**WHAT YOU NEED TO DO**
No pictures belong in the result; set down exactly the lines from the one containing "9,000원/월청구서(주권수령증 등)에 기재한" through the final line of the listing, and nothing more.

**DATA FOR PROCESSING**
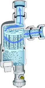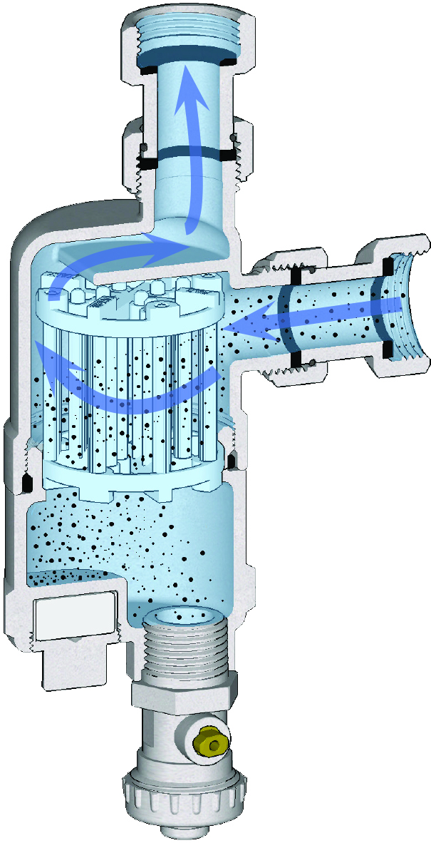 All’interno del defangatore è inserita una cartuccia filtrante, costituita da barrette verticali e posta in posizione trasversale rispetto alla direzione del fluido, che rallenta e ferma la corsa delle particelle. Le impurità, presenti nelle tubazioni del circuito di distribuzione, si depositano nella parte inferiore della camera di raccolta.
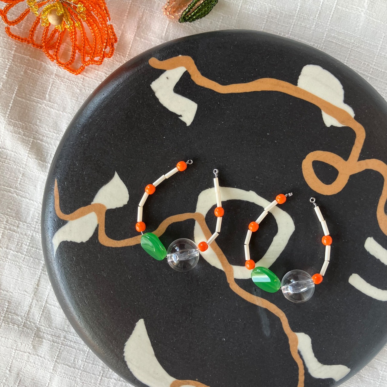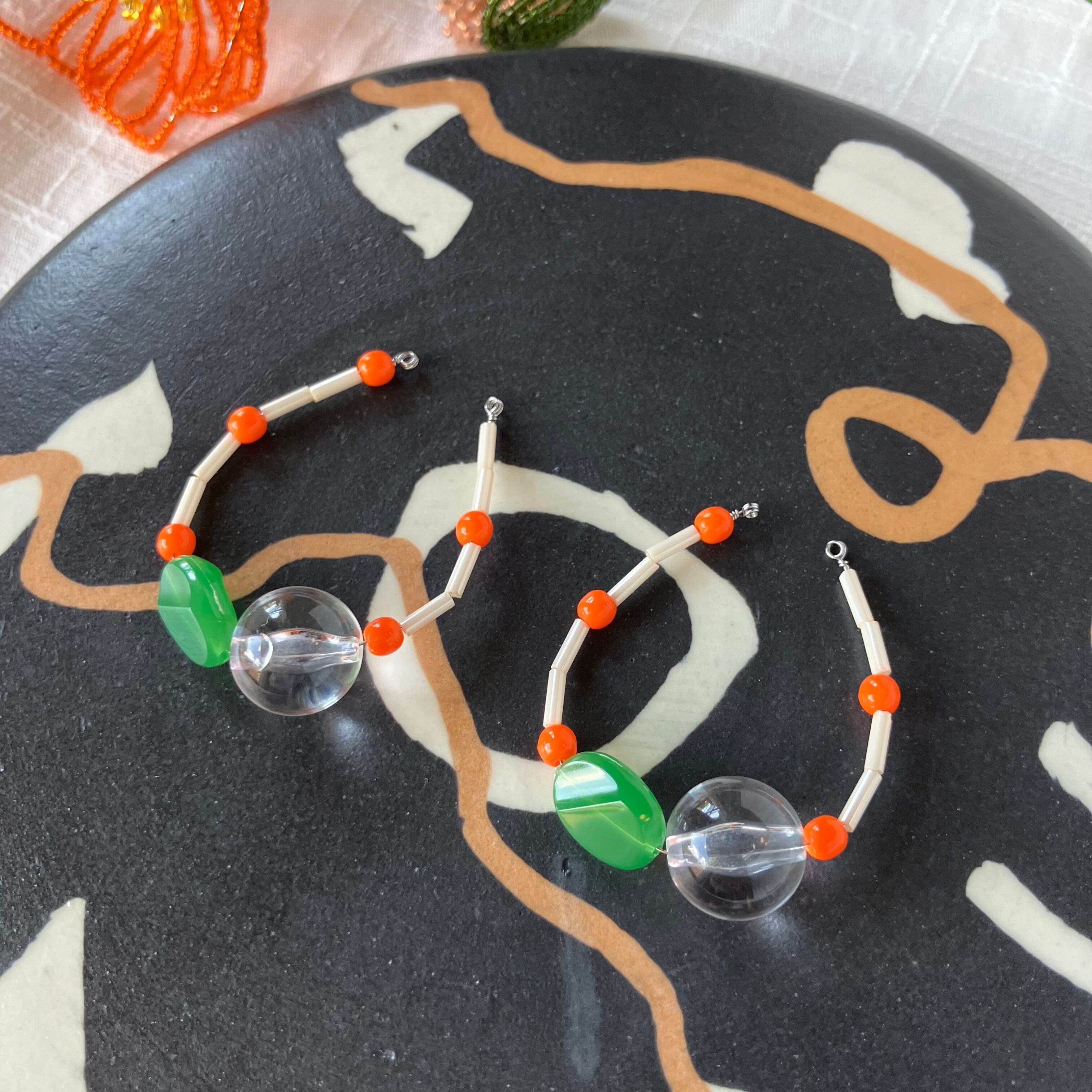 様々なガラスビーズをフープ状に繋げた、ボリュームがありながらもスッキリとした耳飾りです。
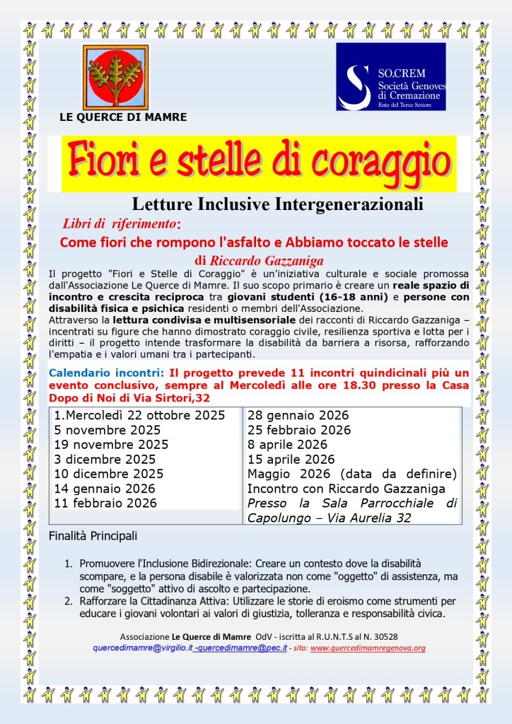 Grazie al patrocinio e al sostegno di SO.CREM – Società Genovese di Cremazione, dall’ottobre scorso questo percorso ha preso vita come un’esperienza continuativa, capace di mettere in relazione generazioni, vissuti e sensibilità diverse. Il contributo di SO.CREM rende possibile un cammino culturale e umano che valorizza la dignità, la memoria e i diritti di ogni individuo, trasformando la lettura in uno strumento concreto di inclusione, dialogo e crescita condivisa.
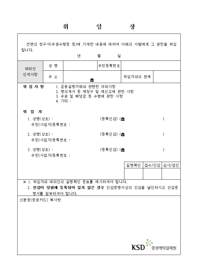 9,000원/월청구서(주권수령증 등)에 기재한 내용에 대하여 아래의 사람에게 그 권한을 위임할때 사용하는 위임장입니다.
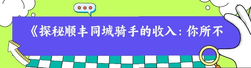 《探秘顺丰同城骑手的收入:你所不知道的那些事儿》

**ANSWER TO THE PROBLEM**
 9,000원/월청구서(주권수령증 등)에 기재한 내용에 대하여 아래의 사람에게 그 권한을 위임할때 사용하는 위임장입니다.
 《探秘顺丰同城骑手的收入:你所不知道的那些事儿》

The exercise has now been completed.